- Task objective
The listing below must be repeated word for word, with its images excluded.
++++ Dataset excerpt ++++
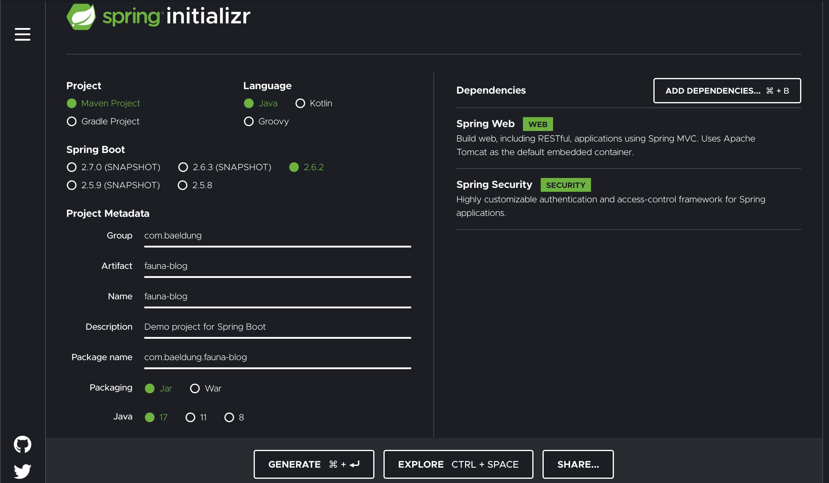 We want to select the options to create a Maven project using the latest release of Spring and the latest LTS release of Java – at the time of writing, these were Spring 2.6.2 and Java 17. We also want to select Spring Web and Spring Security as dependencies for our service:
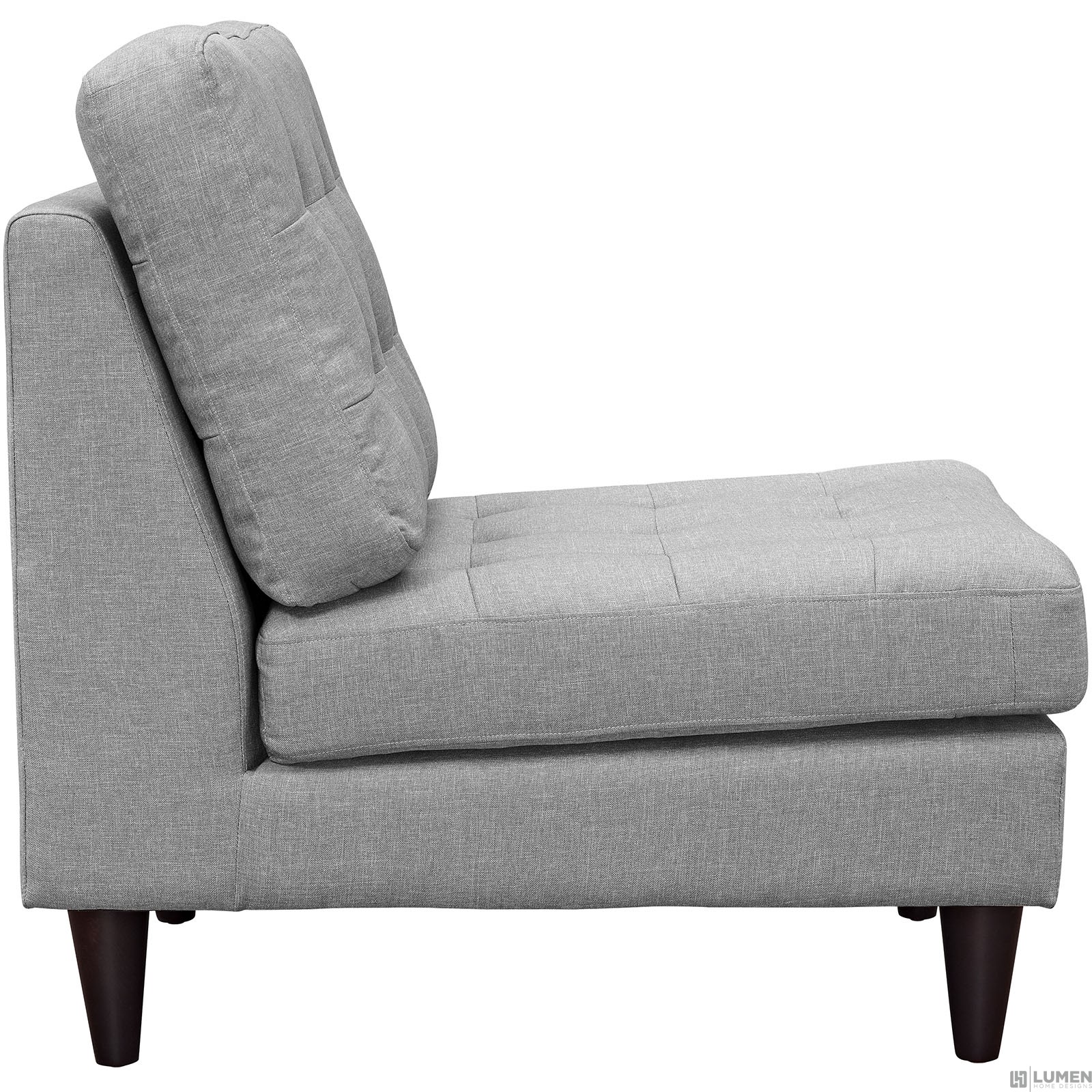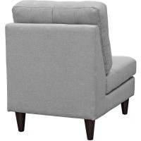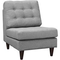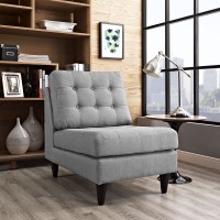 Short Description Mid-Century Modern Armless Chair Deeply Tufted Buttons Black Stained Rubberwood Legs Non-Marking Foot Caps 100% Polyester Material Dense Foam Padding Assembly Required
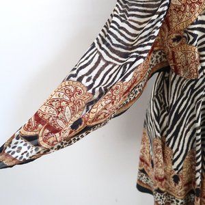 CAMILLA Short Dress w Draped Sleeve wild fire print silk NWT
++++
- Expected answer
 We want to select the options to create a Maven project using the latest release of Spring and the latest LTS release of Java – at the time of writing, these were Spring 2.6.2 and Java 17. We also want to select Spring Web and Spring Security as dependencies for our service:
 Short Description Mid-Century Modern Armless Chair Deeply Tufted Buttons Black Stained Rubberwood Legs Non-Marking Foot Caps 100% Polyester Material Dense Foam Padding Assembly Required
 CAMILLA Short Dress w Draped Sleeve wild fire print silk NWT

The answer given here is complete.